= Cellach Ó Cellaigh =

Cellach Ó Cellaigh, Chief of the Sept, fl. late 16th century.

Cellach was a native of Aughrim, County Galway, and head of his branch of the Ó Cellaigh clan of Ui Maine. He was gr-gr-gr-gr-gr-gr-gr-gr grandson of Conchobar Maenmaige Ua Cellaigh, who was king in 1180.

His father, Domnall mac Aodh Ó Cellaigh, was married to Catherine Burke, a daughter of Ulick Finn of Clanricarde. Domnall's mother was Catherine Burke, daughter of Myler of Shrule. Cellach's great-grandfather, William mac Melaghlin Ó Cellaigh, was the first of the family to be associated with Aughrim.
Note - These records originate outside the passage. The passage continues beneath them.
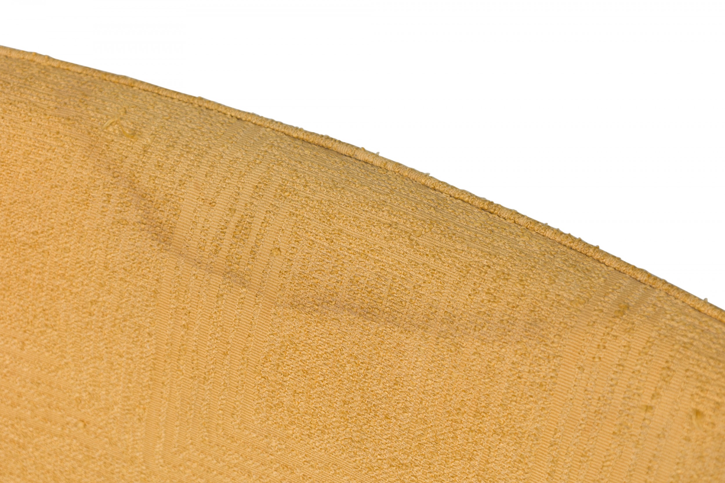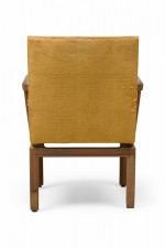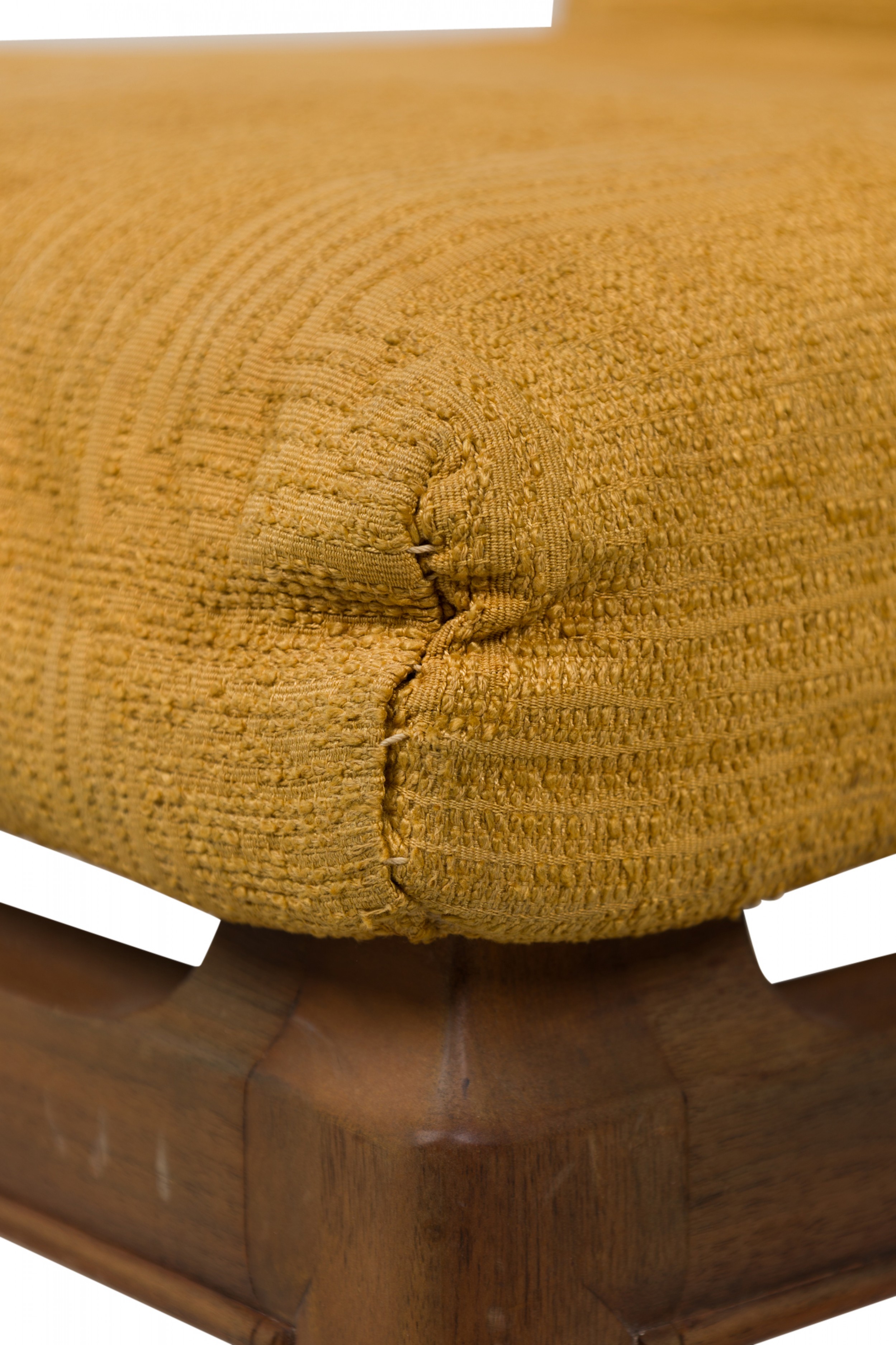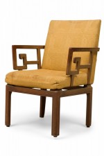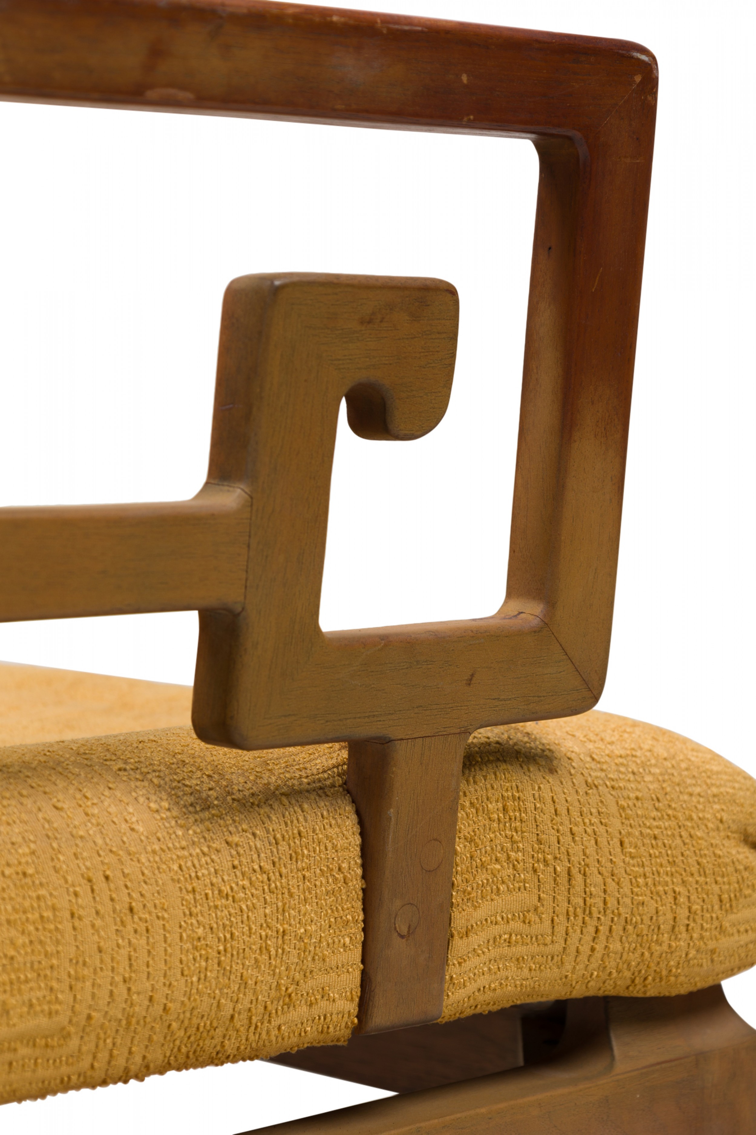 SET of 4 Mid-Century American Modern (1950s) "Far East" mahogany dining chairs (2 armchairs, 2 side chairs) featuring slightly splayed keyfret arms, the back and seat upholstered in a square-patterned textured gold fabric, standing on 4 molded legs. (MICHAEL TAYLOR FOR BAKER FURNITURE) (PRICED AS SET).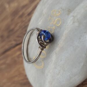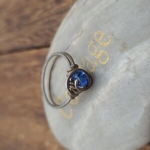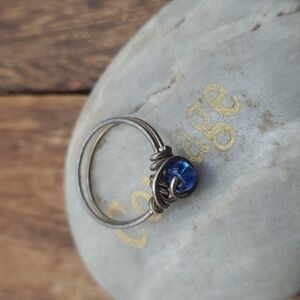 Childs pinky ring equivalent to size 2.5 sterling wire wrap cerulean stone R633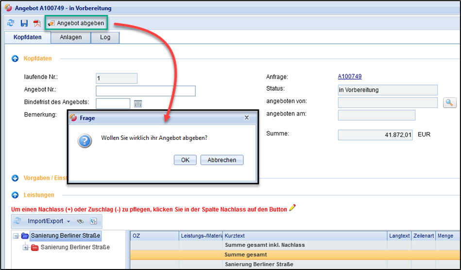 Haben Sie Ihr Angebot vervollständigt, so können Sie es an den Auftraggeber übermitteln.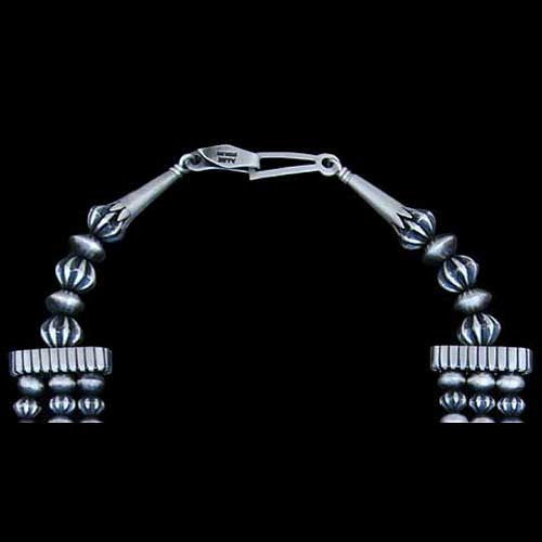 Navajo Kingman Turquoise and Sterling Silver Triple Bead Strand Necklace - Allison Lee (#124)

He was married to Julia Ní Cellaigh, daughter of Tadg Dubh of Gallagh. Among their children were Feardorcha (died after 1611) and Hugh. Feardorcha Ó Cellaigh was the 79th and last king of Uí Maine and 43rd Chief of the Name. His descendants include the Counts and Countesses O'Kelly de Grallagh.

==Pedigree==

An article of 1934 gave his pedigree as Cellach mac Domnall m. Aodh m. William m. Melaghlin m. William Buidhe m. Donoch Muimbreach m. Conchobhair m. Domnall m. Teige Tailtenn m. Conchobar Maenmaige.